● **Dataset**:
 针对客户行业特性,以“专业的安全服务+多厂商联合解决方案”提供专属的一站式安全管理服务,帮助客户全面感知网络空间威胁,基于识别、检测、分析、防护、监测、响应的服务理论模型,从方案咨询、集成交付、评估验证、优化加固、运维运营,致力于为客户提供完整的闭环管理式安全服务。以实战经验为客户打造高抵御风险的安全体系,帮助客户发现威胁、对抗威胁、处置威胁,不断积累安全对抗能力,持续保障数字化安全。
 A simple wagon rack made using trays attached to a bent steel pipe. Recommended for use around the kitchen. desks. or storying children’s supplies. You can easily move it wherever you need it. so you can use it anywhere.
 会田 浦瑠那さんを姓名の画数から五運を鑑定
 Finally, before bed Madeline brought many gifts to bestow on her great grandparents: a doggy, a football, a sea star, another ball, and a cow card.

==

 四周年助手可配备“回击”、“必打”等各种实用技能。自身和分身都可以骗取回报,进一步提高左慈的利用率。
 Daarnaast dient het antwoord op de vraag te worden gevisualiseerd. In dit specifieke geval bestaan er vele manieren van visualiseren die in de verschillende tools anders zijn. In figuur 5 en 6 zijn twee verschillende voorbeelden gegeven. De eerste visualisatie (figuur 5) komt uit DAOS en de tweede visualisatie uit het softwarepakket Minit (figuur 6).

● **What to do**: Using the data above, extract exactly the lines from the one that holds "A simple wagon" to the one that holds "Finally, before bed", both ends included, and no others.

● **Answer to the problem**:
 A simple wagon rack made using trays attached to a bent steel pipe. Recommended for use around the kitchen. desks. or storying children’s supplies. You can easily move it wherever you need it. so you can use it anywhere.
 会田 浦瑠那さんを姓名の画数から五運を鑑定
 Finally, before bed Madeline brought many gifts to bestow on her great grandparents: a doggy, a football, a sea star, another ball, and a cow card.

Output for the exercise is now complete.